It's been the week of finishing the last tasks for my new website: set to launch next Wednesday, right before TNNA.  I've been getting the Cultivar team the last of the copy, figuring out where testimonials will go, sorting through pictures, and making sure all the i's are dotted and the t's crossed (which, by the way, has become a saying that makes no sense to my brother, who grew-up in the land of typing but no cursive).

It's been the week of wrapping up finishing and repair projects too: a pair of mittens with the thumbs worn out, a black sweater that needed the seams redone, a sweater & bootie combo that were adorable and needed to be seamed and blocked.  I wanted to get them all off, as my guest bedroom is being taken over by finishing projects.  Now, I just have three afghans in need of repair - which will be fun, as they are all quite of a size.  And then there's one small and delicate christmas stocking, which is more holes than solid fabric, but much loved.

I've been finishing up tidying the house: there's so many things that aren't in their proper places.  Yarn's everywhere the cat's can't get to.  I've got "body parts" everywhere: my father gave me a whole bunch of display pieces and they were immediately conscripted into work.

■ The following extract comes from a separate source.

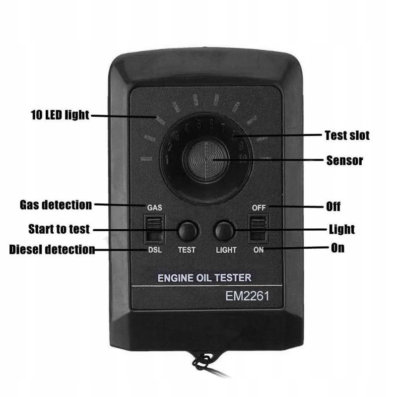 Прибор используется для анализа состояния моторного масла и оценки рекомендаций по его замене или нет. Тестер использует десять светодиодов для индикации уровня загрязнения и повышенной кислотности моторного масла.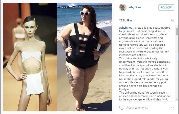 U pomenutom postu uporedila je premršavu manekenku sa plus sajz modelom Tes Holidej i istakla da nijedna od njih ne treba da bude uzor mladim devojkama.

I've finished with 14 patterns since the beginning of the year - that's just about the same number of patterns I published last year, total.  We're wrapping up on tech edits now on most of the patterns... thank goodness!  I've got the pleasure of working with some amazing minds to make patterns the best they can be, but it's still hard bopping between one pattern and the next to make sure everything is as perfect as it can be.

After TNNA (next weekend, and I'm so excited!) I'll be gearing up for the summer season: which means getting ready for the camps and for the fall.  If you have or know a kid in the DC area looking for some really great craft based camps, you should check out the listing of camps here.

Monday, May 11, 2015

Catching Up - and a little bit of Gardening

After threatening rain all day, it's finally started.  This Monday's been a slow one, as I'm getting my momentum moving after a week of being a little slow and lazy.

I've spoken before about how I've been going, going, going since January, and this last week I finally took a break.  Oh, I didn't stop working, but I went nearly a week with only doing a minimum of crocheting or knitting.  It was necessary on a few different levels; creatively and physically I needed a break.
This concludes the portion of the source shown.